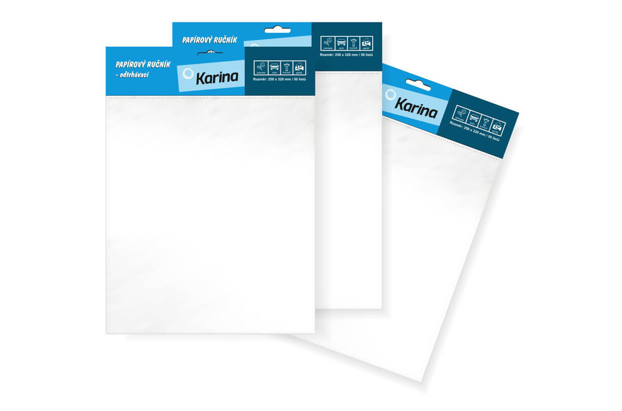 Odtrhávacie papierové uteráky KARINA s eurovýsekom na zavesenie majú univerzálne použitie. Sú vhodné na utieranie umytých rúk, na čistenie skla, na zotretie nečistôt, olejov, atď.
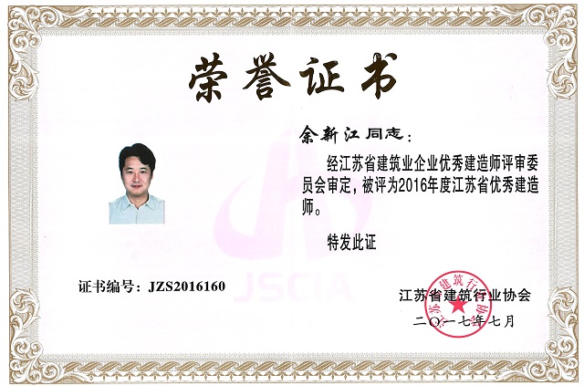 公司1位同志被授予“江蘇省優(yōu)秀建造師”榮譽稱號 時間:2017-12-12 3886 日前,江蘇省建筑行業(yè)協(xié)會下發(fā)了《關于2016年度江蘇省建筑業(yè)優(yōu)秀建造師的決定》,公司余新江同志位列榜單,榮獲表彰,被授予“江蘇省優(yōu)秀建造師”榮譽稱號。
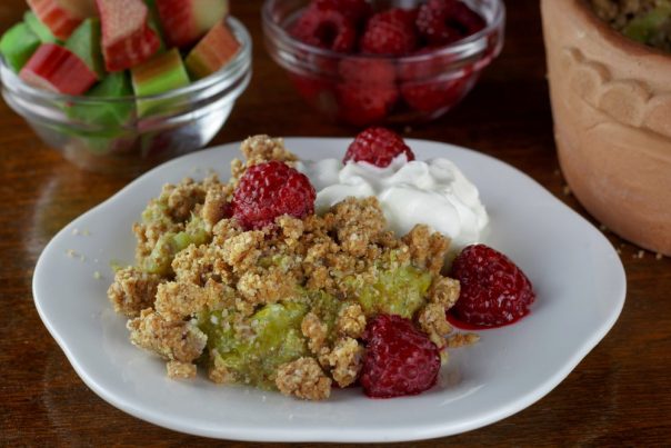Prvi put kada se rabarbara pojavila kod nas, napravila sam crveno-zeleni tart u koji sam ubacila jagode i matcha čaj. Sada, kada mi je drugi put pala šaka, rešila sam da napravim krambl (Crumble).
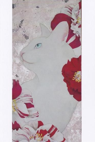 猫の姿を愛嬌たっぷりに、時にユーモアを交えながら描く日本画家・柏村文路さんのポストカードです。
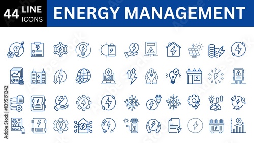 Energy management line editable icon set. Editable stroke. Vector illustration.
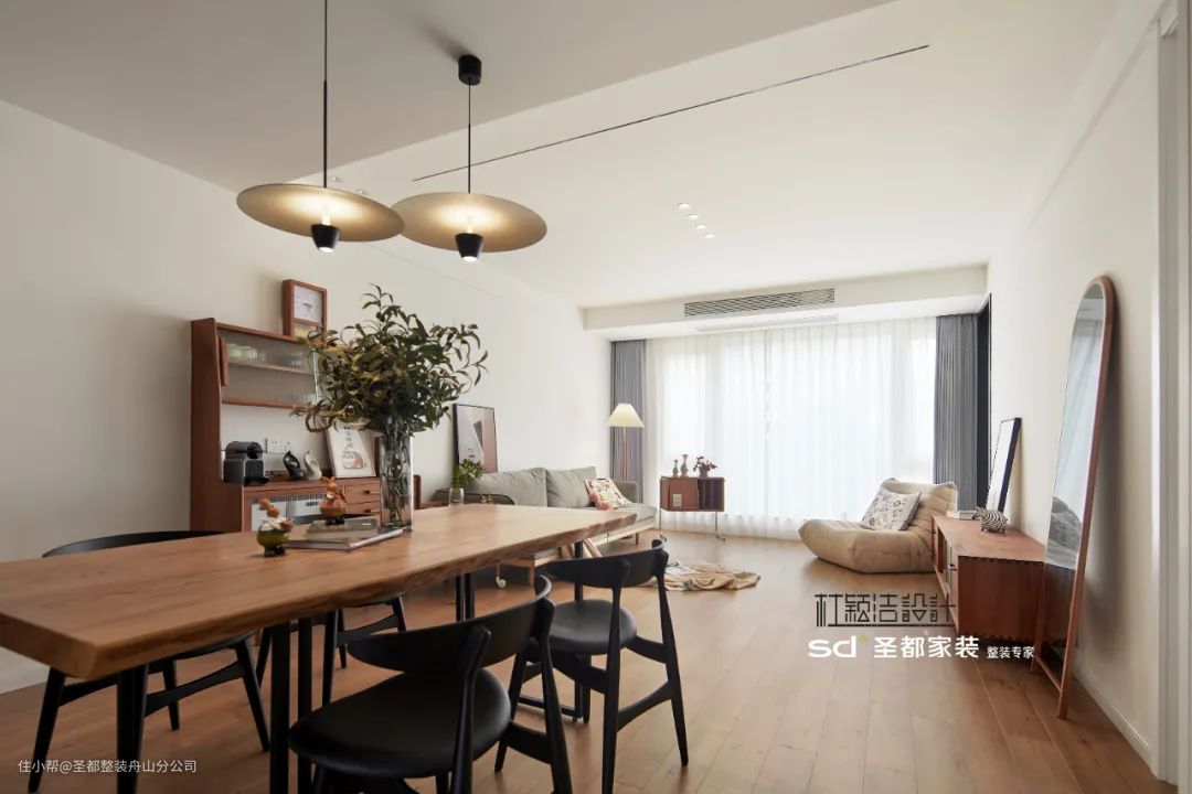 开放式布局减少拥挤感和压抑感,有一种“放大”空间的作用,让居者住得更舒心。不仅如此,相较于封闭型空间,开放式布局让空间互动性更佳,有利于家人间的情感交流。

+-------+

- _Exercise objective_: Give the preceding data back exactly, minus every picture.

- _Answer to this problem_:
 Odtrhávacie papierové uteráky KARINA s eurovýsekom na zavesenie majú univerzálne použitie. Sú vhodné na utieranie umytých rúk, na čistenie skla, na zotretie nečistôt, olejov, atď.
 公司1位同志被授予“江蘇省優(yōu)秀建造師”榮譽稱號 時間:2017-12-12 3886 日前,江蘇省建筑行業(yè)協(xié)會下發(fā)了《關于2016年度江蘇省建筑業(yè)優(yōu)秀建造師的決定》,公司余新江同志位列榜單,榮獲表彰,被授予“江蘇省優(yōu)秀建造師”榮譽稱號。
Prvi put kada se rabarbara pojavila kod nas, napravila sam crveno-zeleni tart u koji sam ubacila jagode i matcha čaj. Sada, kada mi je drugi put pala šaka, rešila sam da napravim krambl (Crumble).
 猫の姿を愛嬌たっぷりに、時にユーモアを交えながら描く日本画家・柏村文路さんのポストカードです。
 Energy management line editable icon set. Editable stroke. Vector illustration.
 开放式布局减少拥挤感和压抑感,有一种“放大”空间的作用,让居者住得更舒心。不仅如此,相较于封闭型空间,开放式布局让空间互动性更佳,有利于家人间的情感交流。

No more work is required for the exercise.